Apr 18, 2024 • 53min
“THERAPY HANGOVERS?” ep.212
Licensed therapist Kati Morton discusses therapy hangovers and positive self-talk, therapist enjoyment, seeking support during hard times, and challenges in discussing eating habits in therapy. She shares insights from her work in community health clinics.

4 snips
Apr 11, 2024 • 51min
“HOW DO I FEEL MY FEELINGS?” ep.211
Licensed therapist Kati Morton discusses trauma dumping, feeling overwhelmed in the evenings, internal family systems therapy, managing depressive episodes, handling codependency in friendships, and the importance of feeling our emotions authentically.

Apr 4, 2024 • 39min
Addicted to therapy? | ep.210
This week licensed therapist Kati Morton explains how we can discover our true self, if CPTSD is a lifelong struggle, and why we can want our therapist to worry about us. She also talks about whether or not we can develop an addiction to psychotherapy and why being pampered as a child can cause us to feel helpless a lot. Finally, she helps us figure out how to support people with dependent personality disorder without enabling them.
01:05 Ask Kati Anything ep.210 podcast summary
01:42 How can you discover your true self? In my last therapy session, we discovered just how much I get my self-worth, and feelings of love and appreciation, from helping others. Helping around the house, overworking, generally never sitting down to enjoy my own time. I'm now at the point that I don't know who I am or what I like. How do you start to figure out your true self?
08:38 My question is, with medication, therapy twice a week, and EMDR, will you continue to have C-PTSD symptoms for the rest of your life? Does it ever get to a point where you completely resolve most, if not all, of your symptoms and not require therapy and medication, or, is this a life sentence?

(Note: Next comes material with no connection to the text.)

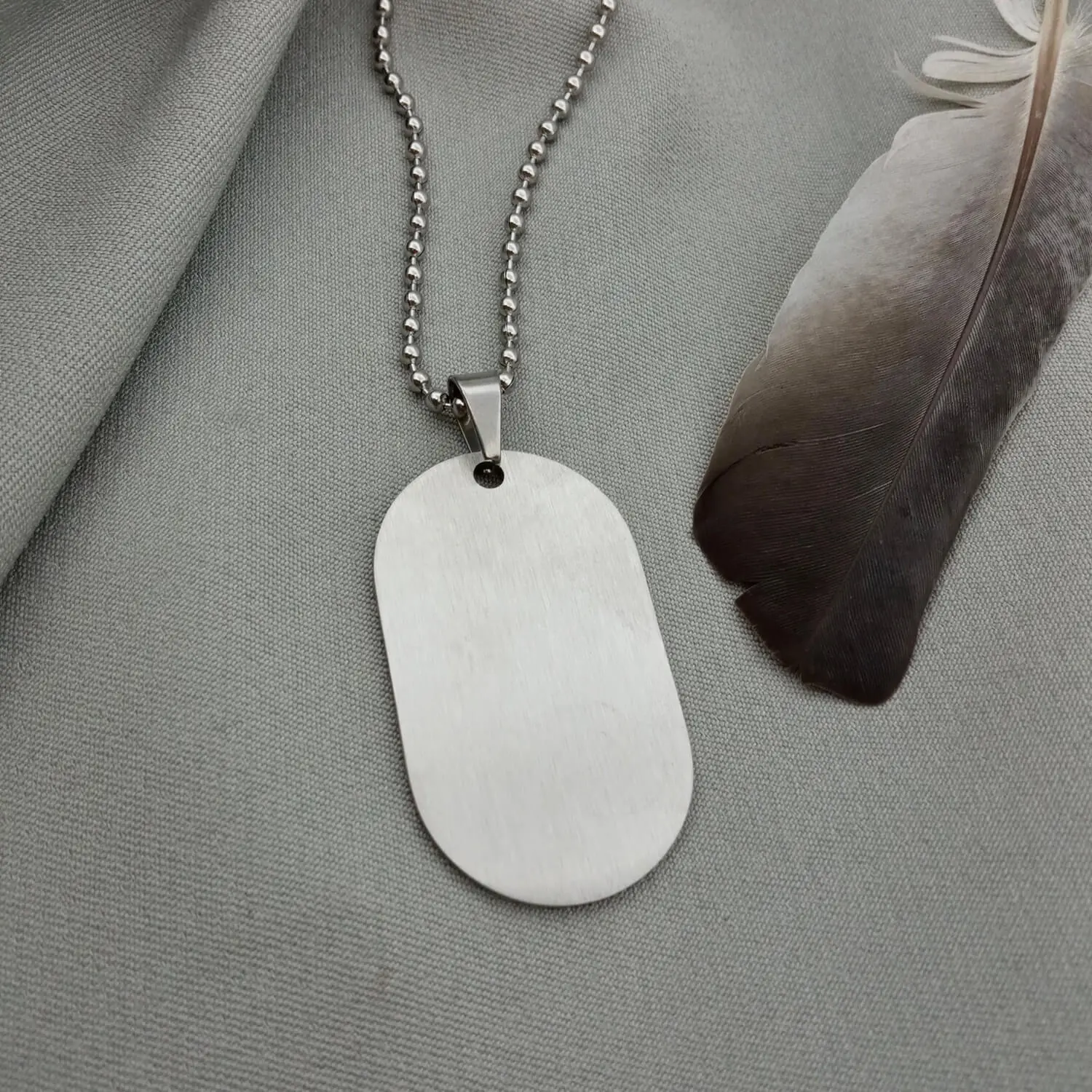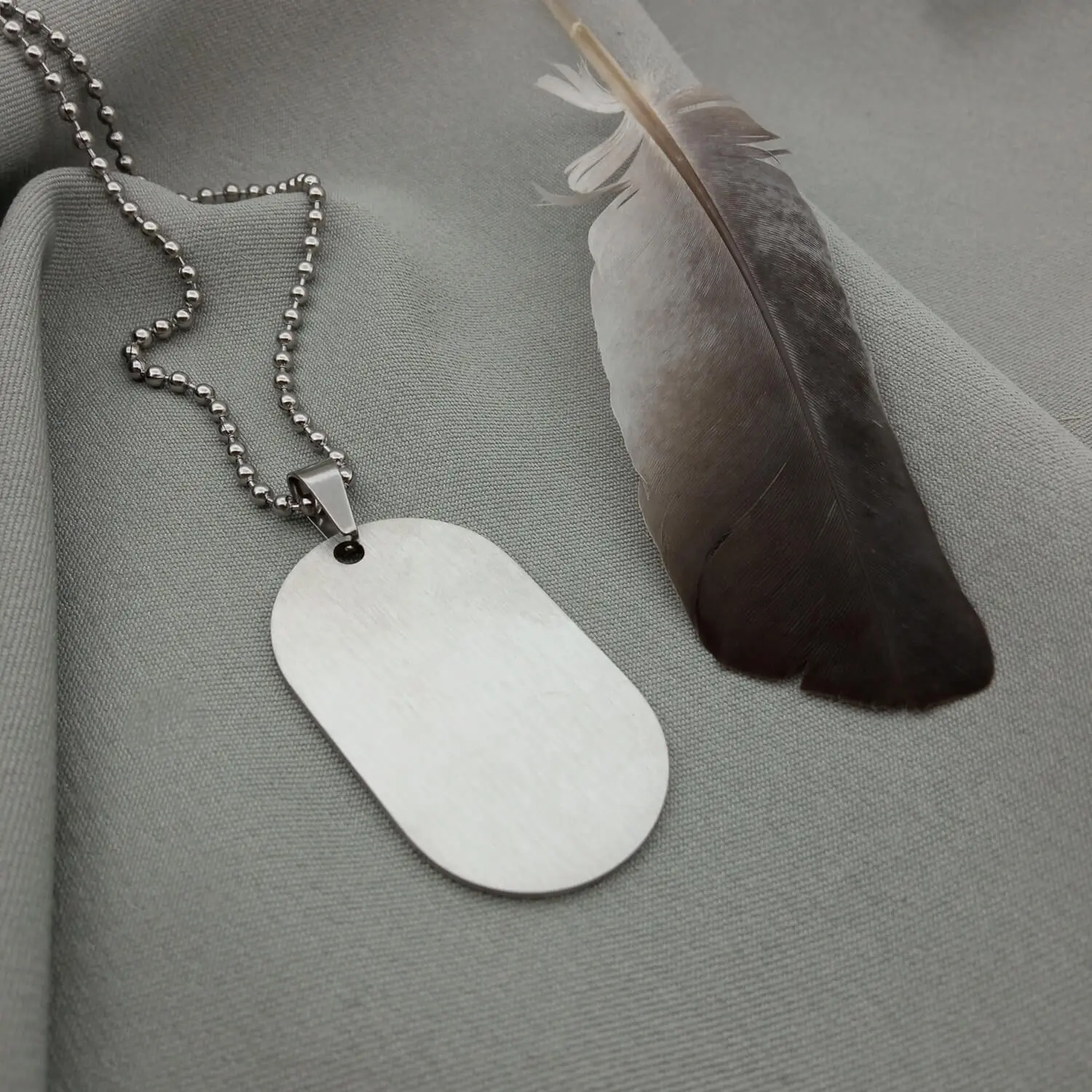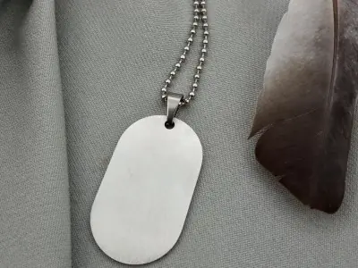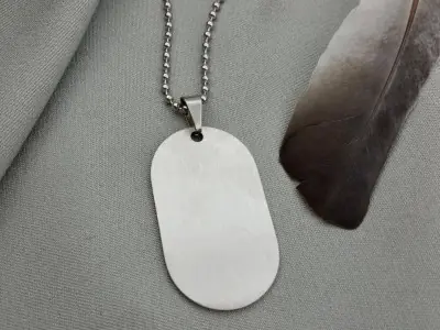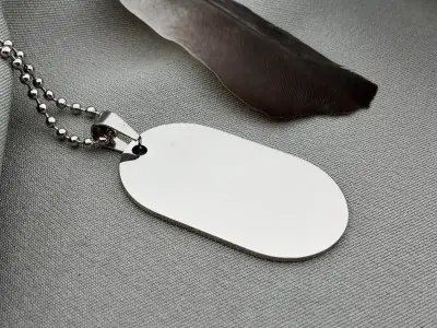 Сучасний аналог армійського жетону виготовляється з надійної ювелірної сталі 316L, яка не згорає у вогні, не іржавіє та не бруднить ваш одяг. До кожного жетону додається в комплекті кульковий ланцюжок довжиною 60 см, який виготовлено з аналогічної нержавіючої сталі, тому він не темніє з часом.
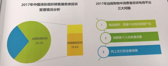 在遠(yuǎn)程購(gòu)物中,消費(fèi)者投訴的對(duì)象包括電商平臺(tái)、以微商為代表的個(gè)人網(wǎng)絡(luò)商家和電視購(gòu)物等。其中,電商平臺(tái)被投訴的三大問(wèn)題為:商品服務(wù)、質(zhì)量不合格和假冒商品問(wèn)題;消費(fèi)者個(gè)人信息遭泄露;網(wǎng)上支付安全難保障。

13:02 I want my therapist to worry about me. I wish I could tell her this straight up. But if I do, she'll stop worrying about me. It's like.... Love (I guess?) I've never received and to be honest... I enjoy it. But. There's a huge "BUT." Me making her more and more worried to her as a therapist essentially means that therapy she's providing is not working, right? And that she can and actually should terminate me. Right?!? Which is my biggest worry. That she's gonna leave me. And then my little mind comes up with "Whatever, I'm unlovable anyways so it's fine. I'd leave me too if I was her. I'm not worthy of love. I'm just a pain in the ass and she puts up with me only because I pay her." And then there comes a point where I want to push her away because I've come up with "she doesn't love me so there's no point to get sicker", which to her probably seems like I'm getting better. And. Then she wants (actually suggests but in my mind it translates to "wants") to reduce our sessions from twice a week to only once. And to me it means that she's actually gonna leave because I'm worrying her less. Not more. Such a great mind fuckery. Sorry. It is though. And then I want to get sicker again. Oh. I have anorexia. I don't think I mentioned it anywhere. Is there a way to stop this?
19:57 Is it possible to develop an addiction to psychotherapy? I think I might have it, because I don't have any other safe places where I can express my emotions, or be me. Unfortunately, despite my efforts, it's not always possible to live in a happy environment, or leave it.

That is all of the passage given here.